Penglihatan itu terus berlanjut serasa menghujaniku. Pada hari terakhir khalwat kami setelah Salat Subuh aku mendengar suara-suara dari arah luar ruangan kami. Suara orang dewasa dan suara anak-anak menangis. Tangisan itu semakin menjadi-jadi dan berlangsung selama berjam-jam. Aku tidak tahu siapa yang menangis karena tidak diizinkan untuk melihatnya. Grandsyekh bertanya, “Nazim Effendi, tahukah kamu siapa yang sedang menangis?” Walaupun aku tahu bahwa itu bukan tangisan manusia, namun aku menjawab, “Wahai Syekh, engkaulah yang lebih mengetahuinya.” “Setan mengumumkan pada kelompoknya bahwa 2 manusia di bumi ini telah lolos dari kendalinya.”

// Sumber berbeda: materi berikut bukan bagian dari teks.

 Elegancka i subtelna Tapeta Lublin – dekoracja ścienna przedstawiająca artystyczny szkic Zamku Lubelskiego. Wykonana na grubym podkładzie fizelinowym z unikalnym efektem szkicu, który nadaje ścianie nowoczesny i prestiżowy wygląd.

Kemudian aku melihat setan dan bala tentaranya telah dirantai dengan rantai surgawi untuk mencegah mereka mendekati Syekh dan aku. Penglihatan itu berakhir. Grandsyekh meletakkan tangannya di dadaku sambil mengatakan, ”Alhamdulillah, Nabi (s) bahagia terhadapmu, beliau (s) juga bahagia denganku.”

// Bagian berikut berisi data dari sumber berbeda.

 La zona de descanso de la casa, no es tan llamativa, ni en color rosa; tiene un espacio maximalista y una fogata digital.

Lalu aku melihat Nabi Muhammad (s) beserta 124.000 nabi-nabi lain, 124.000 sahabat-sahabatnya, 7007 awliya-awliya Naqsybandi, 313 awliya agung, 5 Qutub dan Ghawts. Semuanya memberi selamat kepadaku. Mereka mengalirkan ilmu spiritual mereka ke dalam kalbuku. Aku mewarisi dari mereka rahasia-rahasia Tarekat Naqsybandi dan 40 Tarekat-Tarekat lainnya.
Keramat Syekh Nazim (q)
Pada tahun 1971, Syekh Nazim (q) seperti biasa ia berada di Siprus selama 3 bulan; Rajab, Sya`ban, dan Ramadan. Suatu hari di bulan Sya`ban, kami mendapat telepon dari bandara di Beirut. Ternyata dari Syekh Nazim (q) yang meminta kami untuk menjemputnya. Kami terkejut karena tidak mengira ia akan datang.
“Aku diminta oleh Nabi (s) untuk menemui kalian hari ini karena ayah kalian akan wafat. Aku yang akan memandikan jenazahnya, mengkafani dan menguburkannya lalu kembali ke Siprus.” “Oh Syekh, Ayah kami dalam keadaan sehat. Tidak ada sesuatu terjadi padanya.” “Itulah yang dikatakan padaku,” jawabnya dengan amat yakin. Kami pun menyerah saja karena apapun yang dikatakan Syekh, kami harus menerimanya.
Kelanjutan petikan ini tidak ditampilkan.